Líderes indígenas falam em morte coletiva, mas recuam da expressão suicídio

O MPF ajuizou recurso no TRF em face da ordem de reintegração de posse da fazenda Cambará, no município de Cambará, no Mato Grosso do Sul.
O MPF pede a reforma da decisão que determina a saída dos índios ou, pelo menos, a permanência na área até que os estudos antropológicos que irão determinar a tradicionalidade da ocupação, realizado pela Funai, sejam concluídos.
Entenda o Processo

ìndios atravessam rio - foto: MPF
O recurso foi ajuizado em 16 de outubro mas não foi julgado ainda. O MPF afirma que a decisão de primeira instãncia não leva em consideração a ocupação tradicional pelos indígenas da área em disputa. Para a Justiça o que importa é que na data da ocupação, a posso era de um fazendeiro, perdendo então a relevância do fator histórico e antropológico.

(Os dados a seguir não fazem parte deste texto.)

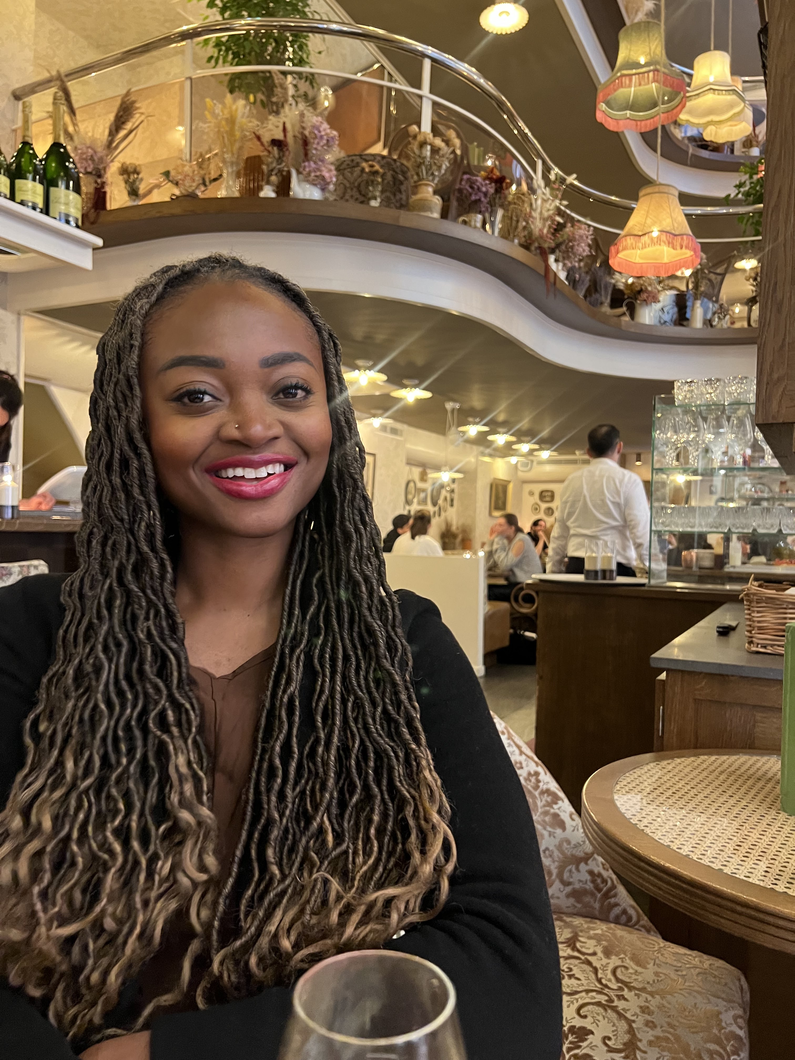 Ma sœur et moi sommes entrés après un après-midi de shopping aux Galeries Lafayette sans réservation. Immédiatement, nous avons reçu un accueil très chaleureux et enthousiaste de la part de deux messieurs qui nous ont rapidement assis pour prendre un verre. Il y en a un qui parle couramment anglais mais d'autres ont fait des efforts. Il nous a informé que le restaurant venait de changer de propriétaire il y a seulement 8 mois. L'ambiance est très relaxante et nous avons été impressionnés par la qualité de l'expérience d'être si proche d'un centre touristique. Nous avons reçu des chips avec notre vin et ils ont été très prévenants envers notre petit bébé. Entouré de lampes abat-jour et de tons or rose, il a apporté une élégance particulière à notre après-midi. Merci. Nous n'avons pas mangé mais la nourriture avait l'air excellente et les clients semblaient satisfaits😊👍🏾

Estudo realizado pela Funai
A nota técnica da Funai publicada em março deste ano concluiu que a área reivindicada pelos indígenas como Pyelito Kue e Mbarakay é ocupada desde tempos ancestrais pelas etnias guarani e kaiowá. “Desde o ano de 1915, quando foi instituída a primeira Terra Indígena, ou seja, a de Amambai, até os anos de 1980, o que se assistiu no Mato Grosso do Sul foi um processo de expropriação de terras de ocupação indígena, em favor de sua titulação privada”. Veja a Nota completa.

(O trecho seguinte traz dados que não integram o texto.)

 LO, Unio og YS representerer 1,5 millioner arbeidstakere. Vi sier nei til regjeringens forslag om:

Extinção ou suicídio coletivo?
A carta da comunidade guarani e kaiowá de Pyelito Kue afirma o propósito de resistência dos índios, de não abandono de suas terras tradicionais. Mesmo diante de tantas violências, eles estão dispostos a morrer juntos pelo seu tekoha. A carta representa um clamor por reconhecimento e um alerta à sociedade brasileira para a lenta e gradual extinção dos guarani e kaiowá. Extinção essa, representada em números.
Veja trecho da carta
"Pedimos, de uma vez por todas, para decretar a nossa dizimação e extinção total, além de enviar vários tratores para cavar um grande buraco para jogar e enterrar os nossos corpos.
Esse é nosso pedido aos juízes federais. Já aguardamos esta decisão da Justiça Federal. Decretem a nossa morte coletiva Guarani e Kaiowá de Pyelito Kue/Mbarakay e enterrem-nos aqui. Visto que decidimos integralmente a não sairmos daqui com vida e nem mortos.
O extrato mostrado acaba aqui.